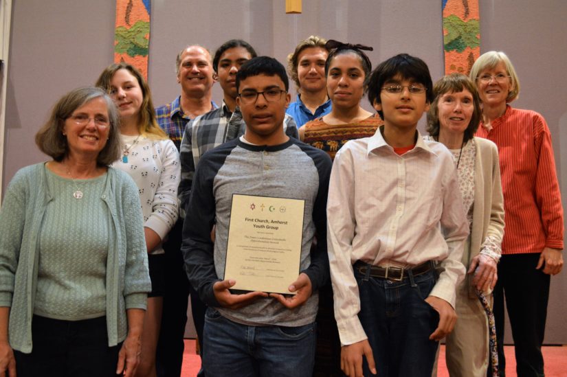 The Interfaith Opportunities Network gave its Joan Lindeman Award to the Youth Group in recognition of the young people’s efforts to learn about the world’s rich variety of religious traditions. World Religions has been the study theme this year for the group, which is led by John Aierstuck.
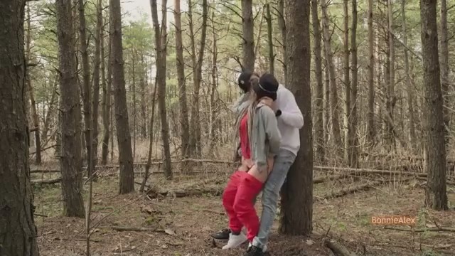 Поимел стоя среди деревьев в парке
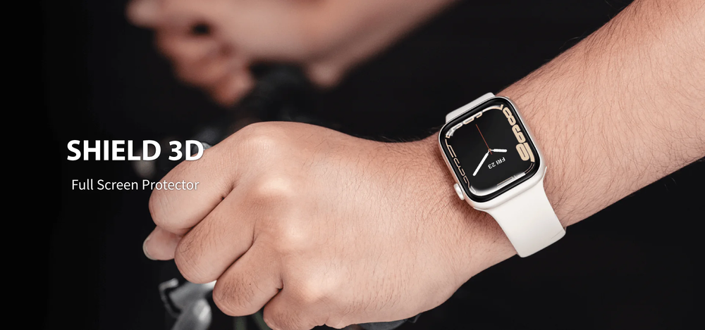 - ตัวฟิล์มมีขอบเป็นสีดำ เพื่อให้เนียนไปกับสีของกระจกหน้าจอ Apple Watch และยังช่วยปกปิดคราบกาวหลังจากที่ติดได้อีกด้วย ซึ่งถ้าเป็นขอบแบบใสก็อาจจะเห็นคราบกาวได้ชัดกว่า
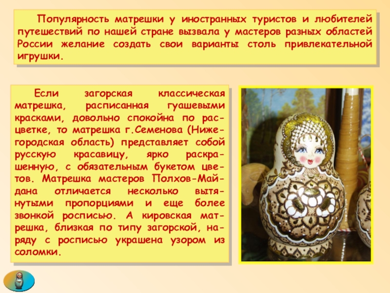 Если загорская классическая матрешка, расписанная гуашевыми красками, довольно спокойна по рас-цветке, то матрешка г.Семенова (Ниже-городская область) представляет собой русскую красавицу, ярко раскра-шенную, с обязательным букетом цве-тов. Матрешка мастеров Полхов-Май-дана отличается несколько вытя-нутыми пропорциями и еще более звонкой росписью. А кировская мат-решка, близкая по типу загорской, на-ряду с росписью украшена узором из соломки.

_WORK REQUIRED_
Once the images are dropped, set down the remaining material word for word.

_WRITTEN ANSWER_
 The Interfaith Opportunities Network gave its Joan Lindeman Award to the Youth Group in recognition of the young people’s efforts to learn about the world’s rich variety of religious traditions. World Religions has been the study theme this year for the group, which is led by John Aierstuck.
 Поимел стоя среди деревьев в парке
 - ตัวฟิล์มมีขอบเป็นสีดำ เพื่อให้เนียนไปกับสีของกระจกหน้าจอ Apple Watch และยังช่วยปกปิดคราบกาวหลังจากที่ติดได้อีกด้วย ซึ่งถ้าเป็นขอบแบบใสก็อาจจะเห็นคราบกาวได้ชัดกว่า
 Если загорская классическая матрешка, расписанная гуашевыми красками, довольно спокойна по рас-цветке, то матрешка г.Семенова (Ниже-городская область) представляет собой русскую красавицу, ярко раскра-шенную, с обязательным букетом цве-тов. Матрешка мастеров Полхов-Май-дана отличается несколько вытя-нутыми пропорциями и еще более звонкой росписью. А кировская мат-решка, близкая по типу загорской, на-ряду с росписью украшена узором из соломки.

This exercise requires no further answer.